CHICAGO — The Missouri Legislature wrapped things up on Friday, adjourning after completing work in recent weeks on a $24 billion fiscal 2013 budget that relies in part on some upfront savings in two upcoming bond refundings.
The Legislature rejected a measure that would have allowed the Missouri Department of Transportation to impose tolls on Interstate 70 and enter into a public-private partnership to finance a $2 billion to $4 billion rebuilding and expansion of the aging highway.
Lawmakers floated a flurry of bills that would have influenced future local and state borrowing by requiring a public vote for appropriation bonds and overhauling tax credits, but none received final approval.
The legislation stemmed from anger over the city of Moberly’s default on $39 million of bonds behind which it put an appropriation pledge to help finance a sugar substitute manufacturing plant. The Chinese company behind the project, Mamtek US Inc., has abandoned it and defaulted on city payments. The project is the subject of a bondholder lawsuit, and various local, state and federal regulators are investigating it.
Lawmakers approved a spending plan about $50 million below Gov. Jay Nixon’s original budget proposal. The plan keeps intact funding for a health care program for the blind and veterans homes that will be supported by a dedicated funding stream in the form of casino fees.
The spending plan provides 2% employee raises for many state workers, cuts nearly 1,000 positions, and holds the line on taxes.
It relies on increased lottery revenue, includes a modest $5 million increase for kindergarten through 12th grade, and restores cuts to funding for public universities proposed by Nixon.
The budget also taps $40 million of the state’s $196 million share of the national mortgage settlement with banks. The budget does not authorize any new borrowing.
Nixon said in a statement of the budget: “I will continue to ensure that we have a balanced budget that holds the line on taxes … as I give this budget a very thorough review over the next several weeks, Missourians should know that we’ll continue to live within our means and hold the line on taxes, while doing everything possible to help businesses grow and create jobs.”
The budget relies on some upfront savings by pushing off near-term maturities in two refundings.
While rating agencies frown on such one-time maneuvers as a sign of fiscal stress, the refundings also will generate significant present-value savings, and in some cases the state will shorten the final maturity schedule.
“We still have significant present-value savings in addition to the budget relief,” said Stacy Neal, director of accounting in the state’s office of administration.
In June, the state will seek approval from the Board of Fund Commissioners to current refund in a competitive transaction up to $175 million of general obligation bonds with roughly 14% in present-value savings expected.

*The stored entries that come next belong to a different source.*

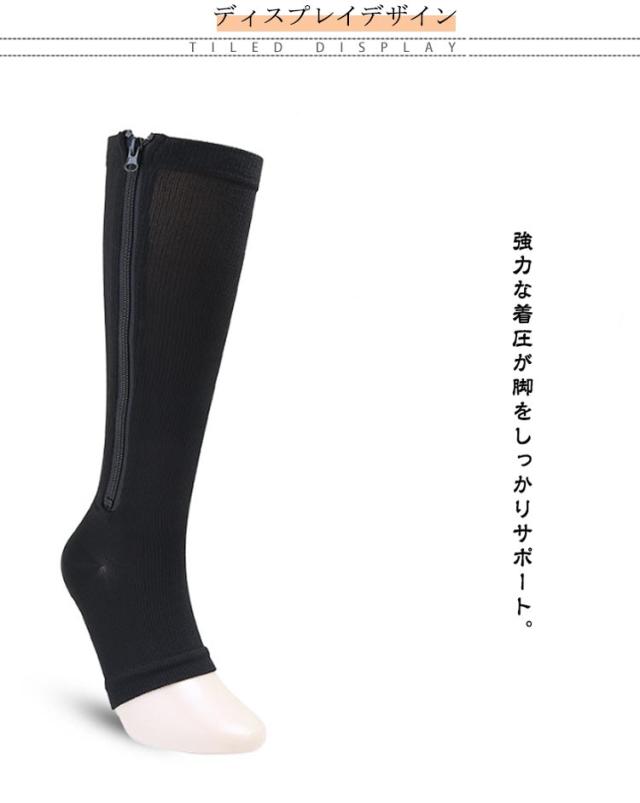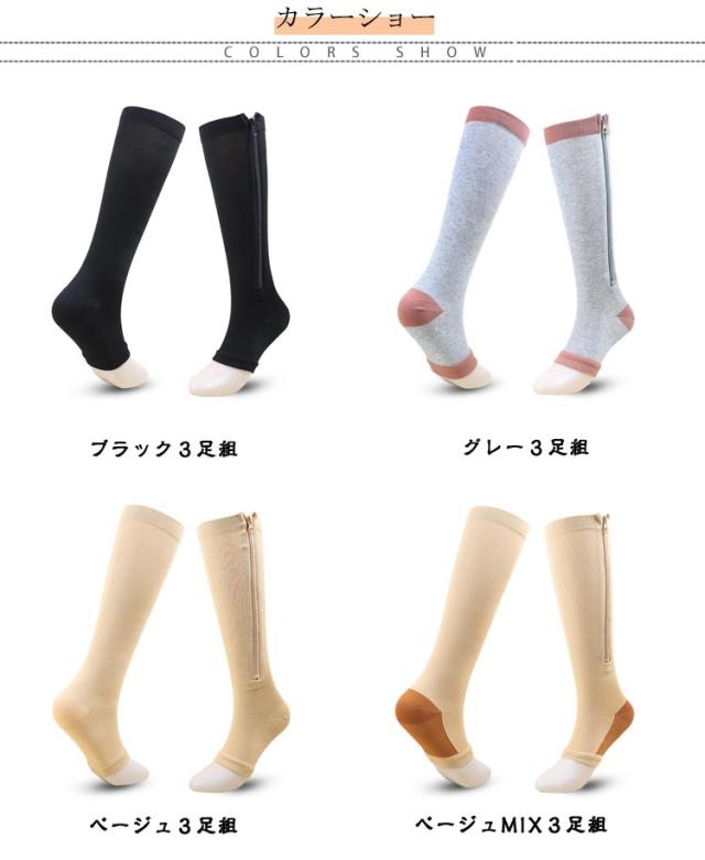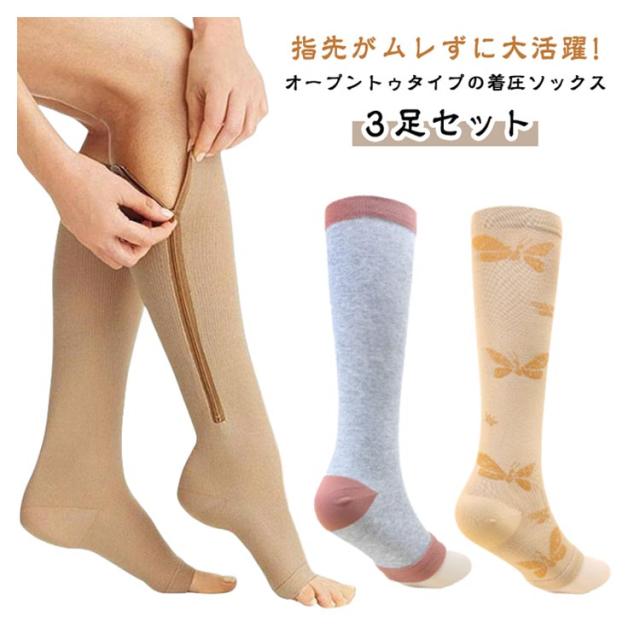 オープントゥ 3足セット サイドジップ 美脚 弾性ストッキング 着圧ハイソックス ひざ下 加圧ソックス 立ち仕事 下肢静脈瘤 靴下 ふくらはぎ むくみ サポーター 寝るとき 足のむくみ 浮腫み
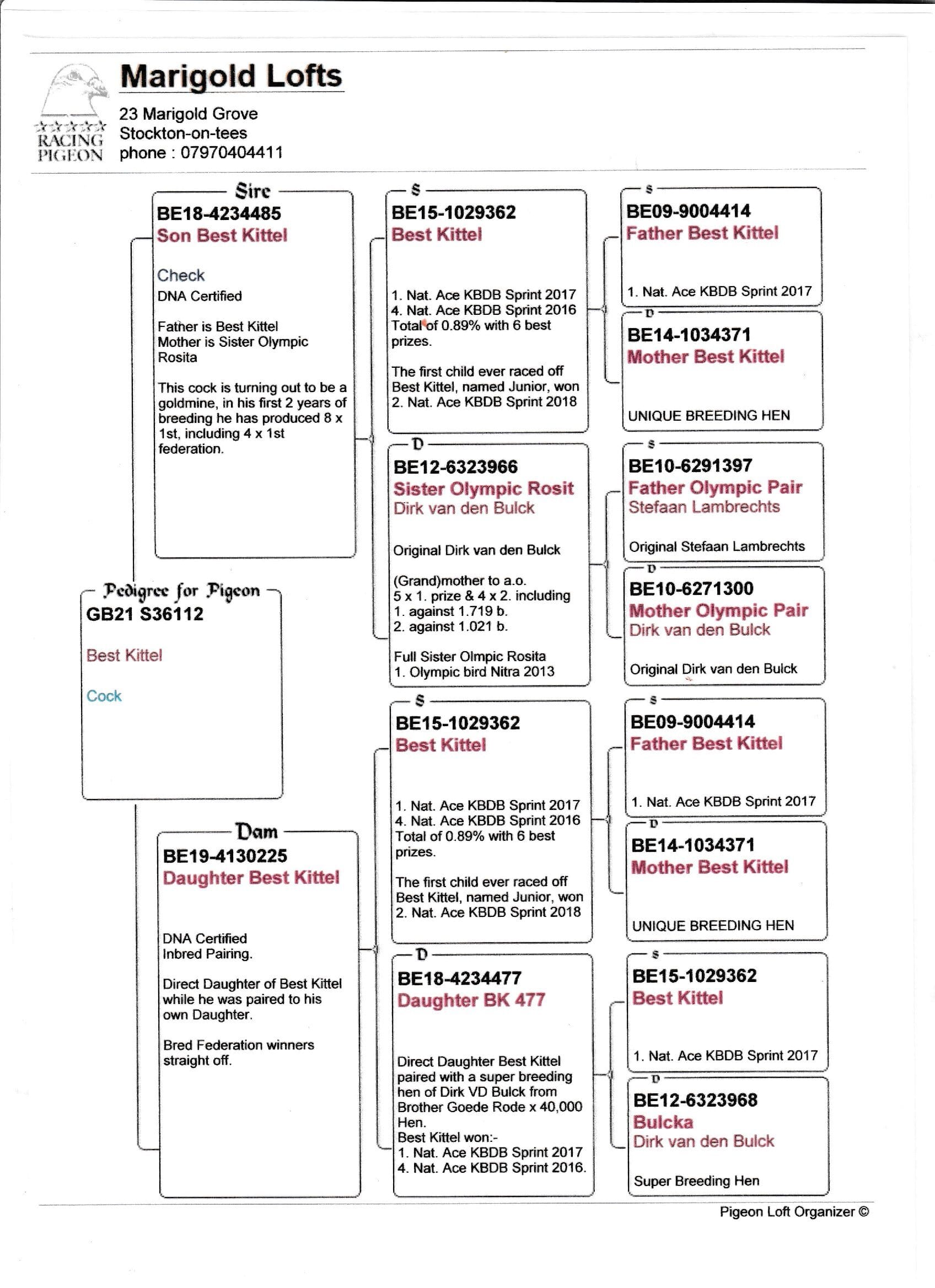 DAM Belge 19-4130225 she is a direct daughter of Best Kittel X Belge 18-4234477 and she is a daughter of Best Kittel X Bulcka, the daughter from Dirk Van Den Bulcks Base Couple Brother Goed Rode X 40000 Duivin, Bulcka has bred over 7 X 1st prize winners and she is the grandmother to federation winners all over Europe.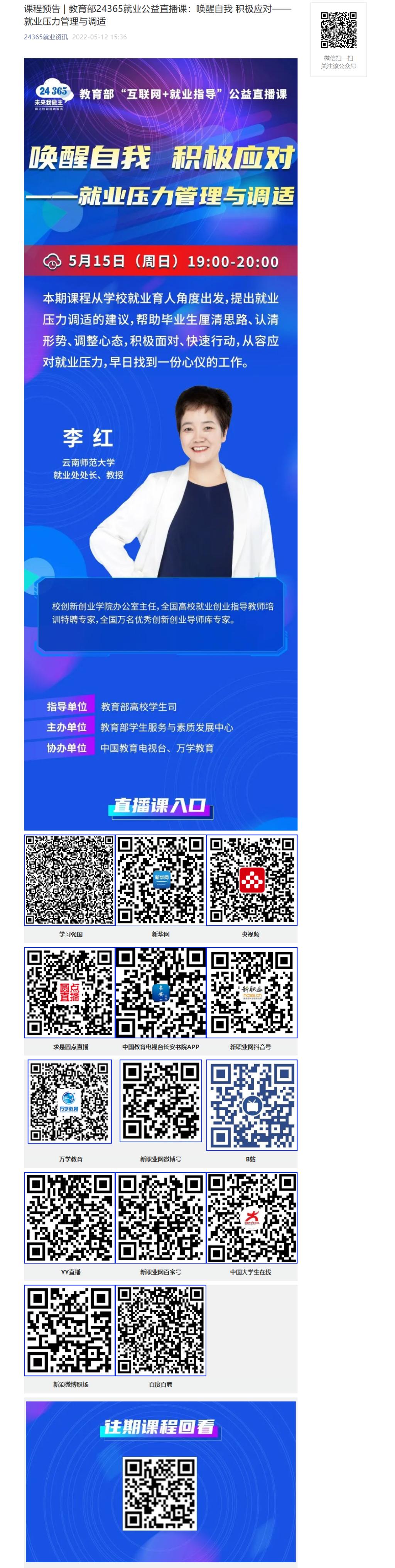 课程预告 | 教育部24365就业公益直播课:唤醒自我 积极应对——就业压力管理与调适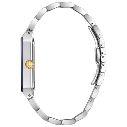 This Mens Bulova Quadra two-tone bracelet watch is a new tank style. It features a silver-tone stainless steel case with edge to edge blue faceted metalizing mineral crystal, and a gold-tone crown. The blue dial includes three sparkling diamonds set on the 3, 6, and 9 o’clock hours. Water resistance to 30 meters. 30mm x 45mm.Limited Manufacturer´s Warranty.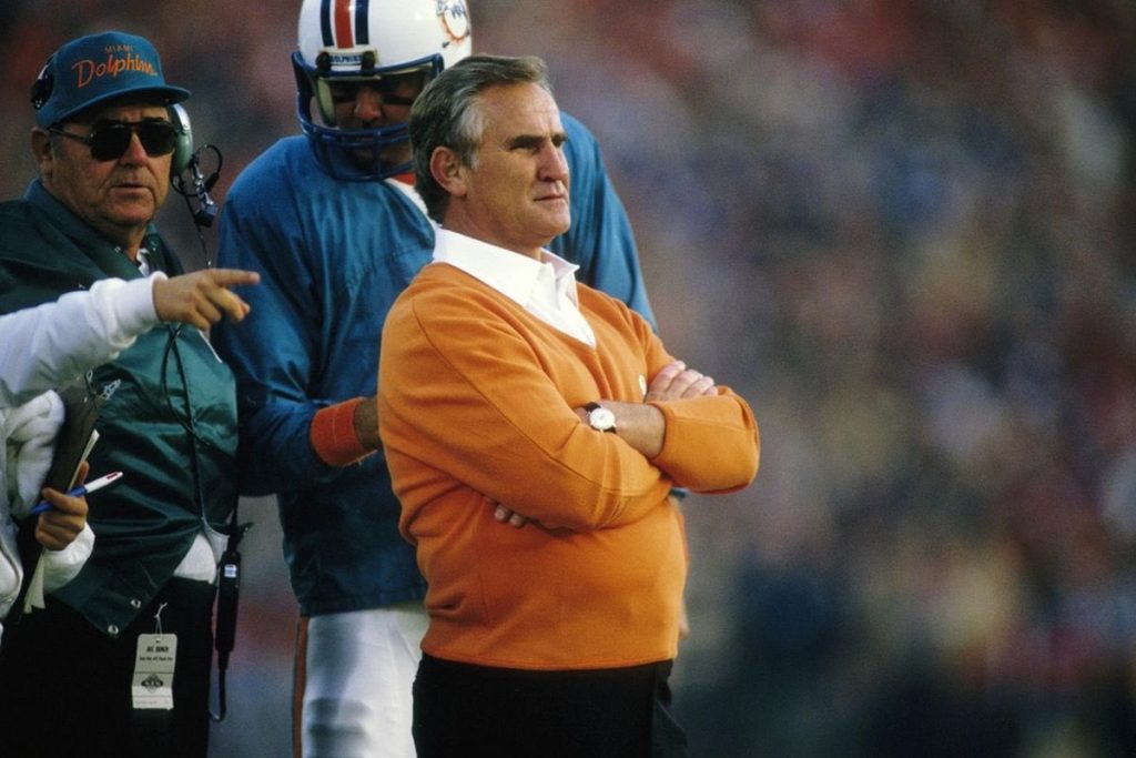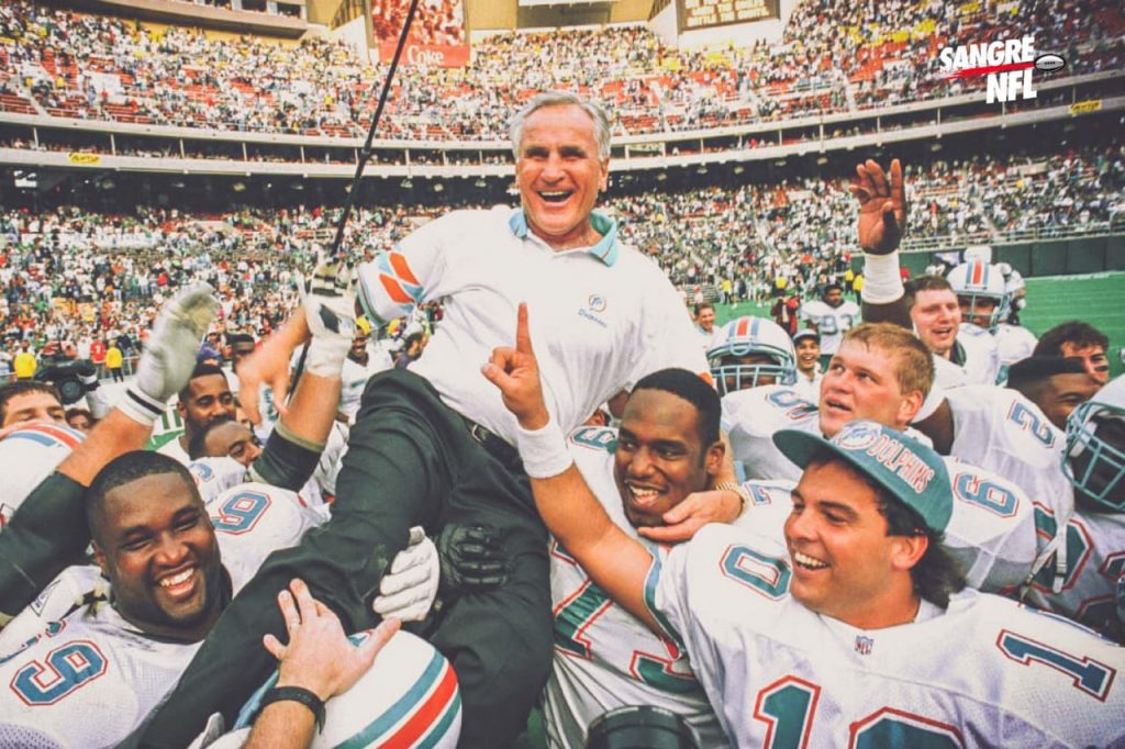 Shula llegó a Miami en 1970 para dirigir a los Dolphins hasta su retiro en 1995 con quienes logró los Súper Bowls VII y VIII; además dirigió la famosa temporadas perfecta del equipo en 1972.

About $23 million in upfront savings would be taken in fiscal 2013. A September sale is planned.
Officials will also ask for approval from the Board of Public Buildings for an advance refunding of up to $315 million of revenue bonds from a 2003 issue. The deal, expected to sell in early August, will generate about 11.6% in present-value savings and provide $20 million in upfront budgetary relief and another $16 million in fiscal 2014.
Ahead of a refunding last fall, the rating agencies affirmed Missouri’s triple-A ratings on $500 million of outstanding GO debt, and ratings one notch lower on $790 million of appropriation and special obligation bonds.
The ratings benefit from conservative financial operations, a broad and diverse economy, and a budget reserve equal to 7.5% of net general fund revenues that provides liquidity.
The state closed out fiscal 2011 with an ending cash balance of $379 million, up from $184 million a year earlier. Other positives are the state’s constitutional ability to withhold spending in response to revenue shortfalls and an adequately funded pension system at 80%.
Challenges include a limited ability to raise revenue without voter approval and economic exposure to a shaky manufacturing sector.